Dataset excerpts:
****************************************

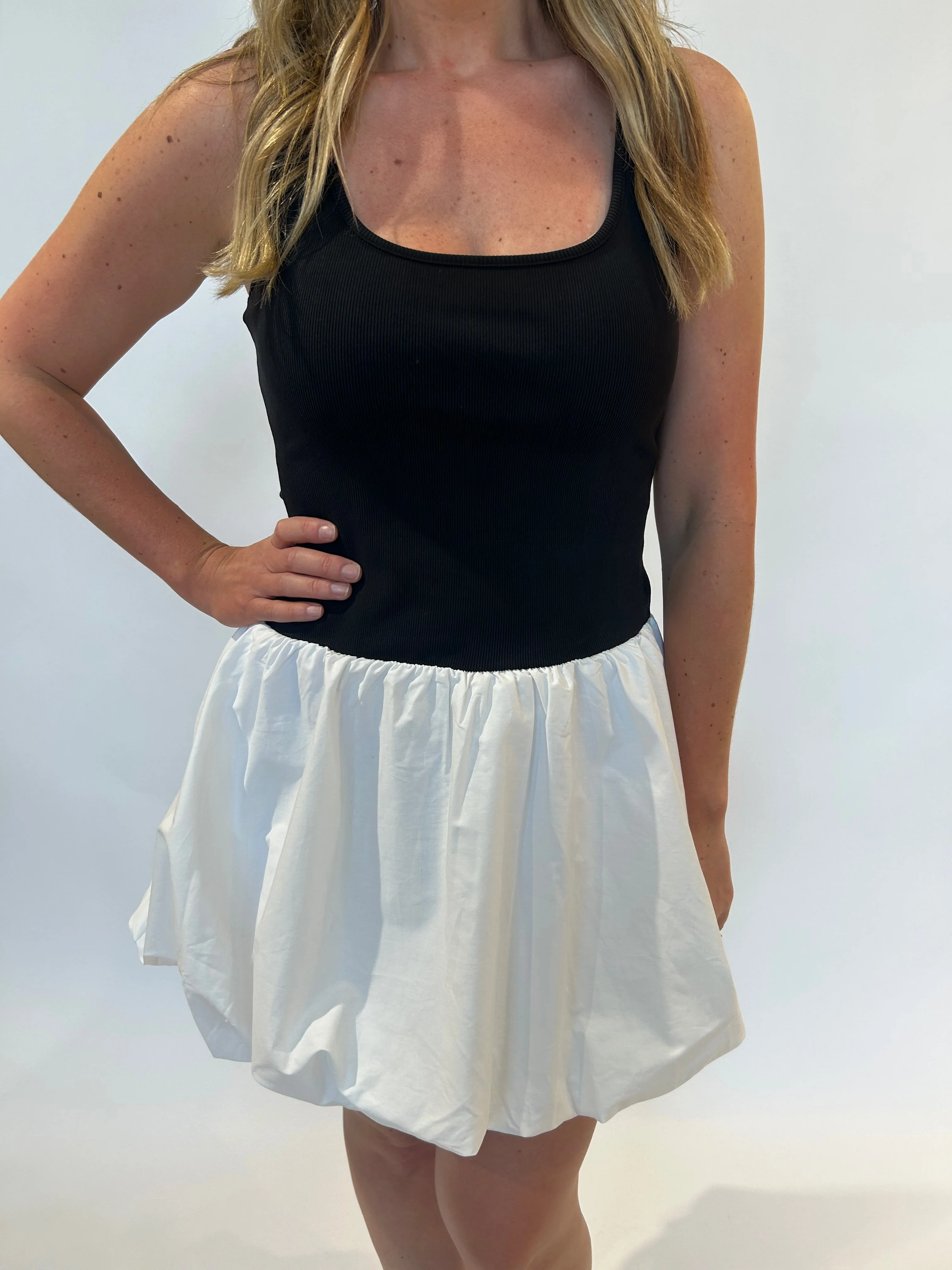 Bold contrast meets effortless style! This dress features a sleek black fitted tank top paired with a white balloon-hem short skirt for a chic, statement-making look. Versatile enough for any event—dress it up with heels for an elegant vibe or keep it casual with sandals for a laid-back feel.
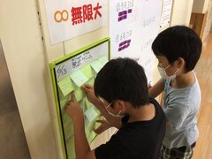 教室に閉じ込められた子どもたちは、正解しないと脱出できません。答え合わせはzoomで行います。最後に全学年の文字を並べたら「たいいくかん」になりました。幾重にもなったしかけで、大いに楽しむことができました。子どもたちの価値づけです。
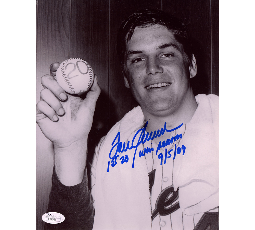 A New York Mets Unframed 8×10 Black & White Holding Ball MLB Vertical Photo hand signed by Tom Seaver. The item and signature are in excellent condition. In addition to signing his name, Tom also inscribed “1st 20 Wins Season 9/5/69” on the item. Tom is a former professional baseball player who played 20 season in the MLB as a pitcher. He is a World Champion, 12x All Star, 3x NL CY Young Award Winner and Pitched a no hitter in 1978. AUTHENTICATION: The item is accompanied by a JSA Certificate of Authenticity – JSA Serial Numbered and Databased Hologram. ***Radtke Sports uses professional lighting for our product images that may show reflections. ***
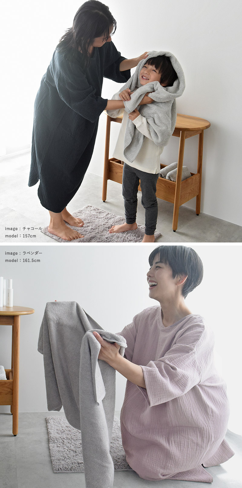 お風呂上りから、パジャマを着るまでの時間をつなぐ「湯上りワンピース」。ガーゼタオル素材なので、濡れた素肌に着ても、やさしく身体を包みながら水分を吸収。バスローブのような感覚でお使いいただけます。
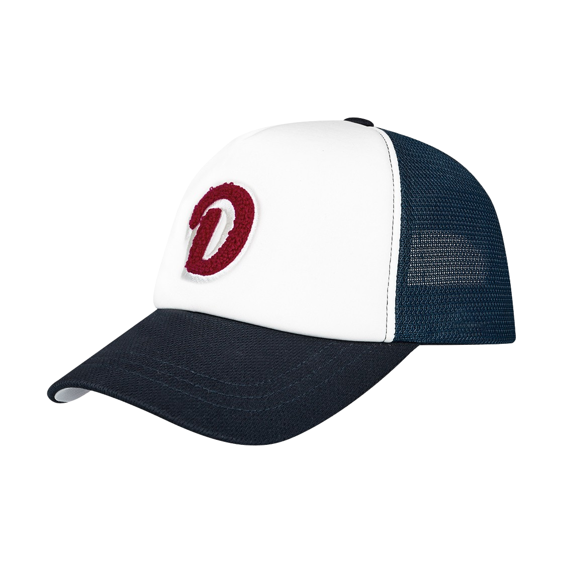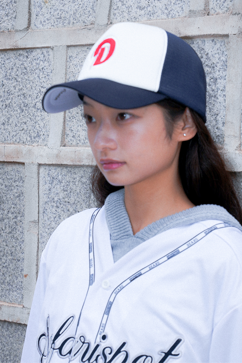 두산베어스 상징 로고를 적용한 모자로 전면은 흰색 창과 측면은 네이비 컬러로 조합된 투톤 배경으로 두산 팀 컬러 느낌을 살린 제품입니다.
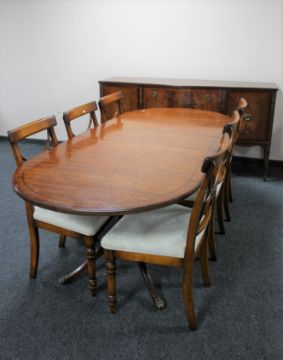 An eight piece Regency style inlaid mahogany dining room suite - sideboard, pedestal extending table with leaf and six chairs
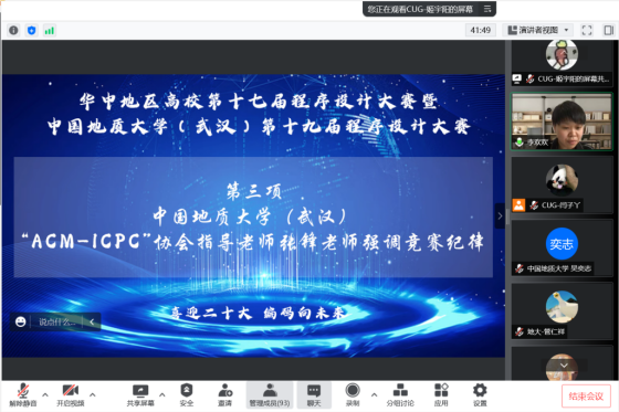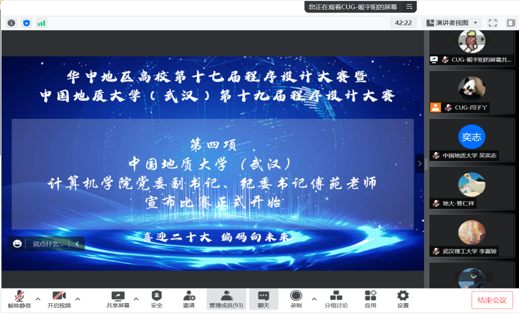 活动伊始,李国昌致开场辞。他代表地大十大买球官方网站向所有参赛选手表示欢迎,介绍了学院ACM系列活动开展情况和“ACM-ICPC”协会的发展历程,2021年协会突破历史,获得ACM-ICPC亚洲区域赛金奖。希望同学们在本次比赛中取得佳绩,在未来学习中立科技兴国之志,谋专业报国之实,争做时代先锋,为实现中华民族伟大复兴贡献青春力量。
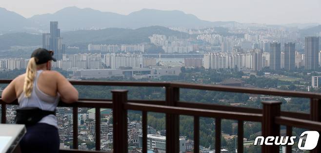 (서울=뉴스1) 안은나 기자 = 13일 서울 중구 남산에서 바라본 도심 아파트단지의 모습. 이날 한국부동산원의 주간 아파트 가격동향조사에 따르면, 9월 첫째주(6일 기준) 수도권 아파트값은 전주에 비해 0.40% 올랐다. 이로써 4주 연속으로 역대 최고 상승률이 유지됐다. 서울은 0.21%로 6주 연속 0.2%대의 높은 상승률을 기록했다. 2021.9.13/뉴스1
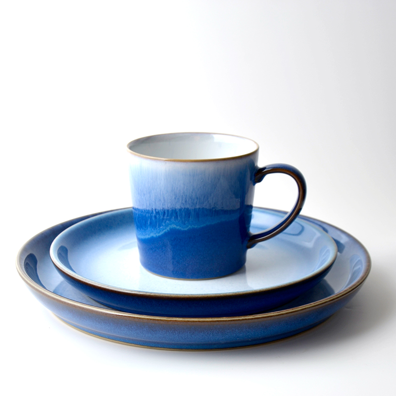 海のようなグラデーションが特徴のマグ。青い釉薬はインペリアルブルーとよく似た色味で合わせても違和感なく使えます。カップ内側は白く、紅茶や緑茶の色味を邪魔しません。
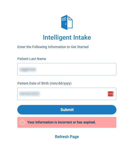 B20915: Corrected an Intelligent Intake issue that prevented some patients (intermittently) from accessing the intake form via an Intake Link when providing their last name and date of birth. This caused the patients to receive an incorrect information error (or expired link) despite supplying accurate information. Error message login has been added to assist with identifying the causes of the intake link access fails.

****************************************

Assignment: Each record is to be written out exactly. No picture goes in.

Expected output:
 Bold contrast meets effortless style! This dress features a sleek black fitted tank top paired with a white balloon-hem short skirt for a chic, statement-making look. Versatile enough for any event—dress it up with heels for an elegant vibe or keep it casual with sandals for a laid-back feel.
 教室に閉じ込められた子どもたちは、正解しないと脱出できません。答え合わせはzoomで行います。最後に全学年の文字を並べたら「たいいくかん」になりました。幾重にもなったしかけで、大いに楽しむことができました。子どもたちの価値づけです。
 A New York Mets Unframed 8×10 Black & White Holding Ball MLB Vertical Photo hand signed by Tom Seaver. The item and signature are in excellent condition. In addition to signing his name, Tom also inscribed “1st 20 Wins Season 9/5/69” on the item. Tom is a former professional baseball player who played 20 season in the MLB as a pitcher. He is a World Champion, 12x All Star, 3x NL CY Young Award Winner and Pitched a no hitter in 1978. AUTHENTICATION: The item is accompanied by a JSA Certificate of Authenticity – JSA Serial Numbered and Databased Hologram. ***Radtke Sports uses professional lighting for our product images that may show reflections. ***
 お風呂上りから、パジャマを着るまでの時間をつなぐ「湯上りワンピース」。ガーゼタオル素材なので、濡れた素肌に着ても、やさしく身体を包みながら水分を吸収。バスローブのような感覚でお使いいただけます。
 두산베어스 상징 로고를 적용한 모자로 전면은 흰색 창과 측면은 네이비 컬러로 조합된 투톤 배경으로 두산 팀 컬러 느낌을 살린 제품입니다.
 An eight piece Regency style inlaid mahogany dining room suite - sideboard, pedestal extending table with leaf and six chairs
 活动伊始,李国昌致开场辞。他代表地大十大买球官方网站向所有参赛选手表示欢迎,介绍了学院ACM系列活动开展情况和“ACM-ICPC”协会的发展历程,2021年协会突破历史,获得ACM-ICPC亚洲区域赛金奖。希望同学们在本次比赛中取得佳绩,在未来学习中立科技兴国之志,谋专业报国之实,争做时代先锋,为实现中华民族伟大复兴贡献青春力量。
 (서울=뉴스1) 안은나 기자 = 13일 서울 중구 남산에서 바라본 도심 아파트단지의 모습. 이날 한국부동산원의 주간 아파트 가격동향조사에 따르면, 9월 첫째주(6일 기준) 수도권 아파트값은 전주에 비해 0.40% 올랐다. 이로써 4주 연속으로 역대 최고 상승률이 유지됐다. 서울은 0.21%로 6주 연속 0.2%대의 높은 상승률을 기록했다. 2021.9.13/뉴스1
 海のようなグラデーションが特徴のマグ。青い釉薬はインペリアルブルーとよく似た色味で合わせても違和感なく使えます。カップ内側は白く、紅茶や緑茶の色味を邪魔しません。
 B20915: Corrected an Intelligent Intake issue that prevented some patients (intermittently) from accessing the intake form via an Intake Link when providing their last name and date of birth. This caused the patients to receive an incorrect information error (or expired link) despite supplying accurate information. Error message login has been added to assist with identifying the causes of the intake link access fails.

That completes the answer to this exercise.